Extracted entries:

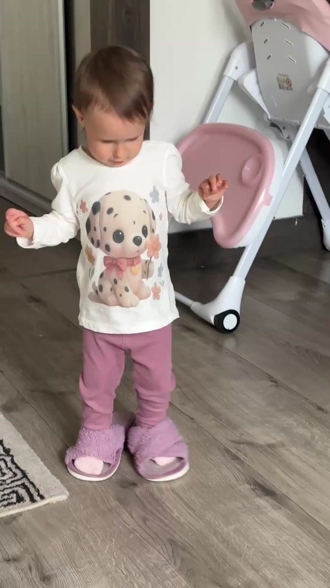 Topics: dalmatian shirt, toddler standing, wooden floor, child development, indoor scene, family moment, childhood, domestic, daily life, personal
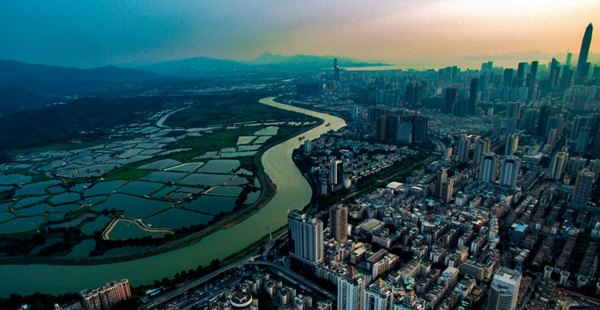 無人機拍攝的深圳和香港落馬洲河套地區(qū)及周邊風光(2018年5月23日攝)。新華社記者 毛思倩 攝
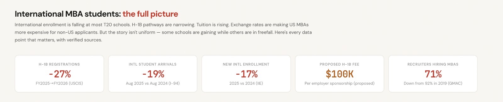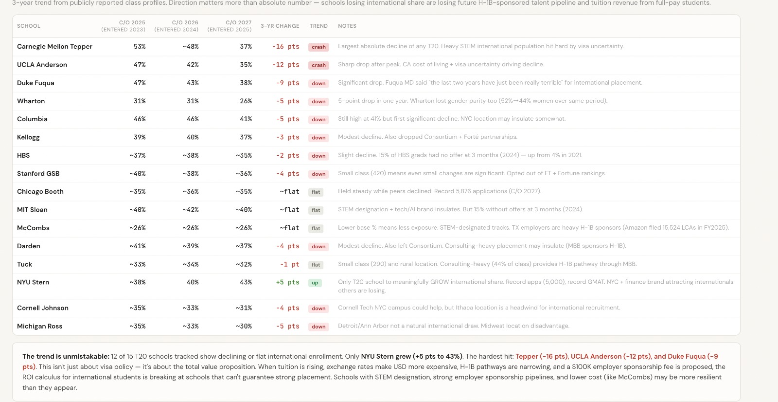 International student enrollment — T20 schools (Class of 2025 → 2027)
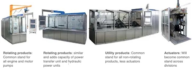 HSD引入了通用測試臺架,并對新臺架做出戰(zhàn)略性部署 – 經(jīng)規(guī)劃,單個(gè)通用臺架擁有多種測試能力,取代并減少原有單一用途臺架的數(shù)量。發(fā)展到現(xiàn)在,通用臺架能支持不同零件的測試工作。此項(xiàng)改變將HSD總部工廠的臺架數(shù)量從83個(gè)減少到不到40個(gè),測試臺配置也從70多種降低到只有16種,大幅度提升運(yùn)作效率。此外,機(jī)器數(shù)量的減少和生產(chǎn)效率的提高也能幫助降低能耗及使用成本。
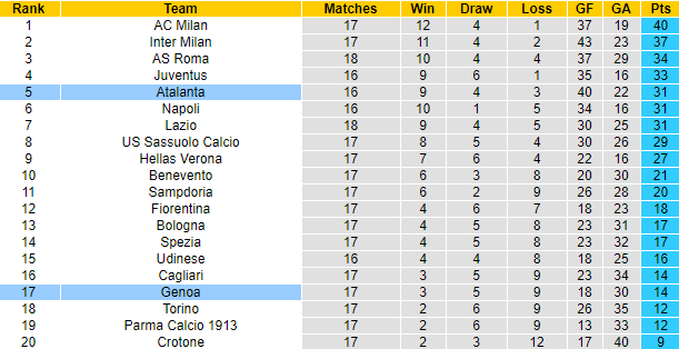 Trên bảng xếp hạng Serie A, Genoa đang xếp thứ 17 với 14 điểm sau 17 trận. Đối thủ của họ sau 16 trận đã giành được 31 điểm, xếp ở vị trí thứ 5. Điều đáng bàn là Atalanta đang thi đấu vào phom với 4 thắng lợi liên tiếp, xé lưới đối thủ 15 lần. Trên sân nhà, Atalanta toàn thắng với tỷ số cách biệt 5 trận liên tiếp gần đây.
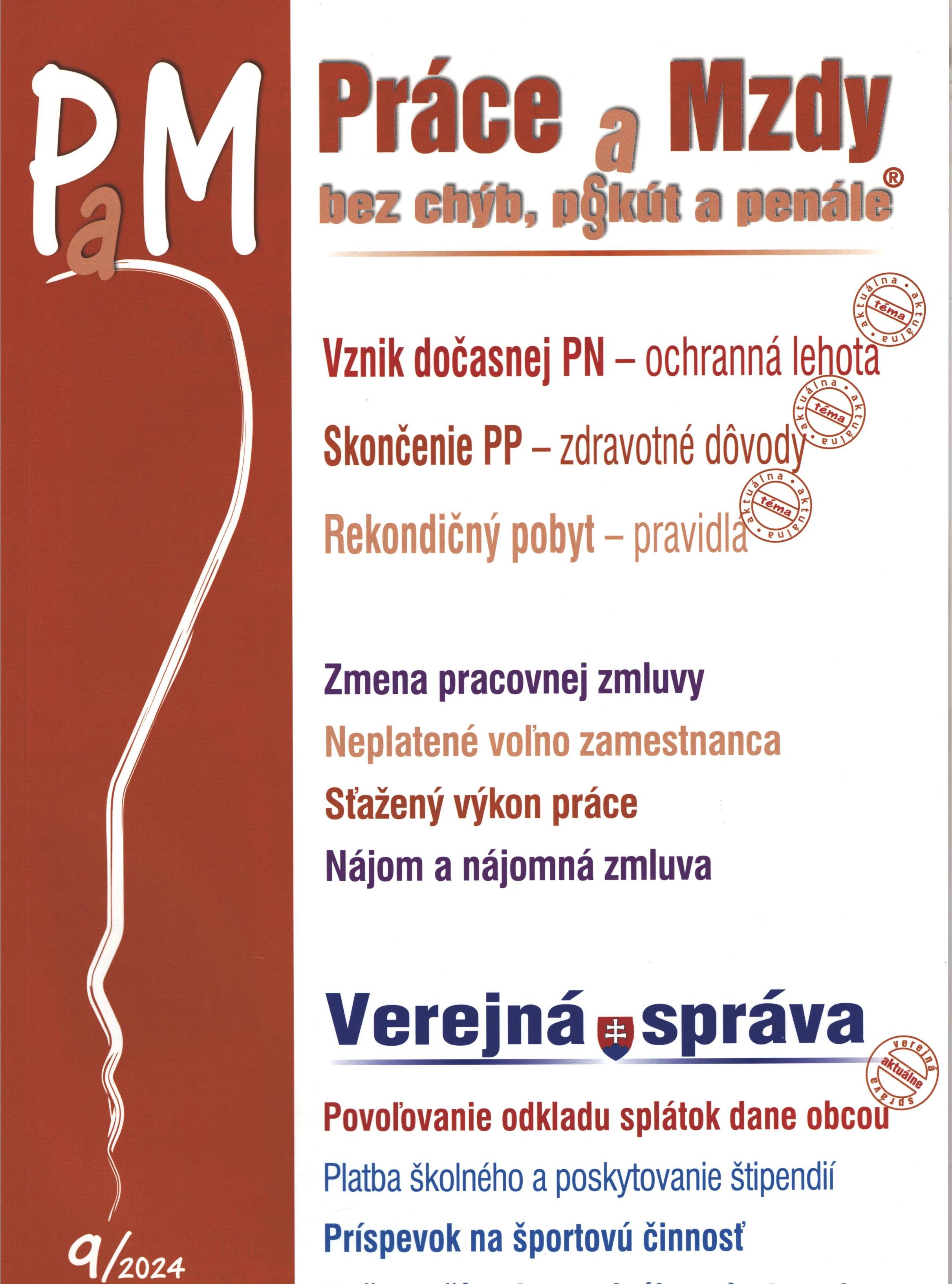 Title Práce a Mzdy : bez chýb, pokút a penále Issue data Žilina : Poradca ISSN 1337-060X Year, No. Roč. 19, č. 9 (2024) Periodicals status Accepted (24.06.2024) Document kind časopisy Language Slovak Country of Edition Slovak Republic Database PERIODIKÁ - Prijaté čísla Copy count 4, currently available 0, at library only 4 References - PERIODIKÁ - Súborný záznam periodika (16) - ARTICLES
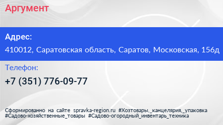 Аргумент по адресу 410012, Саратовская область, Саратов, Московская, 156д в дальнейшем Организация, размещена в следующих категориях:
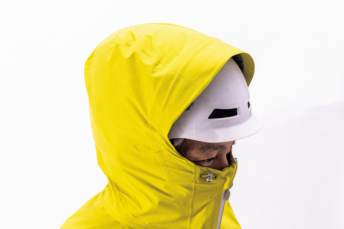 フォームが入ったツバは広い視界を確保する。またヘルメットに対応し、ドローコードで微調整が可能だ。
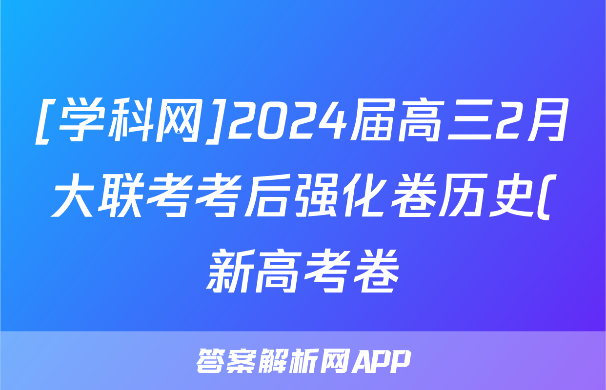 [学科网]2024届高三2月大联考考后强化卷历史(新高考卷)(新教材)答案正在持续更新,目前2026届黄冈八模答案网为大家整理了相关试题及答案,供大家查缺补漏,高效提升成绩。
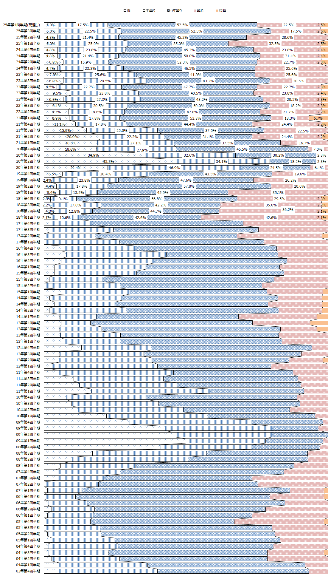 2025年第3四半期の業況実績は、回答があった40業種中、「快晴」が1(業種全体に占める割合は2.5%)、「晴れ」が7(同17.5%)、「うす曇り」が21(同52.5%)、「本曇り」が9(同22.5%)、「雨」が2(同5.0%)(表、図)。前回調査の2025年第1四半期と比べると、「快晴」と「晴れ」を合わせた割合が約9ポイント低下した。

Task details: Retype the records above line for line and exactly, omitting their pictures.

Worked solution:
 Topics: dalmatian shirt, toddler standing, wooden floor, child development, indoor scene, family moment, childhood, domestic, daily life, personal
 無人機拍攝的深圳和香港落馬洲河套地區(qū)及周邊風光(2018年5月23日攝)。新華社記者 毛思倩 攝
 International student enrollment — T20 schools (Class of 2025 → 2027)
 HSD引入了通用測試臺架,并對新臺架做出戰(zhàn)略性部署 – 經(jīng)規(guī)劃,單個(gè)通用臺架擁有多種測試能力,取代并減少原有單一用途臺架的數(shù)量。發(fā)展到現(xiàn)在,通用臺架能支持不同零件的測試工作。此項(xiàng)改變將HSD總部工廠的臺架數(shù)量從83個(gè)減少到不到40個(gè),測試臺配置也從70多種降低到只有16種,大幅度提升運(yùn)作效率。此外,機(jī)器數(shù)量的減少和生產(chǎn)效率的提高也能幫助降低能耗及使用成本。
 Trên bảng xếp hạng Serie A, Genoa đang xếp thứ 17 với 14 điểm sau 17 trận. Đối thủ của họ sau 16 trận đã giành được 31 điểm, xếp ở vị trí thứ 5. Điều đáng bàn là Atalanta đang thi đấu vào phom với 4 thắng lợi liên tiếp, xé lưới đối thủ 15 lần. Trên sân nhà, Atalanta toàn thắng với tỷ số cách biệt 5 trận liên tiếp gần đây.
 Title Práce a Mzdy : bez chýb, pokút a penále Issue data Žilina : Poradca ISSN 1337-060X Year, No. Roč. 19, č. 9 (2024) Periodicals status Accepted (24.06.2024) Document kind časopisy Language Slovak Country of Edition Slovak Republic Database PERIODIKÁ - Prijaté čísla Copy count 4, currently available 0, at library only 4 References - PERIODIKÁ - Súborný záznam periodika (16) - ARTICLES
 Аргумент по адресу 410012, Саратовская область, Саратов, Московская, 156д в дальнейшем Организация, размещена в следующих категориях:
 フォームが入ったツバは広い視界を確保する。またヘルメットに対応し、ドローコードで微調整が可能だ。
 [学科网]2024届高三2月大联考考后强化卷历史(新高考卷)(新教材)答案正在持续更新,目前2026届黄冈八模答案网为大家整理了相关试题及答案,供大家查缺补漏,高效提升成绩。
 2025年第3四半期の業況実績は、回答があった40業種中、「快晴」が1(業種全体に占める割合は2.5%)、「晴れ」が7(同17.5%)、「うす曇り」が21(同52.5%)、「本曇り」が9(同22.5%)、「雨」が2(同5.0%)(表、図)。前回調査の2025年第1四半期と比べると、「快晴」と「晴れ」を合わせた割合が約9ポイント低下した。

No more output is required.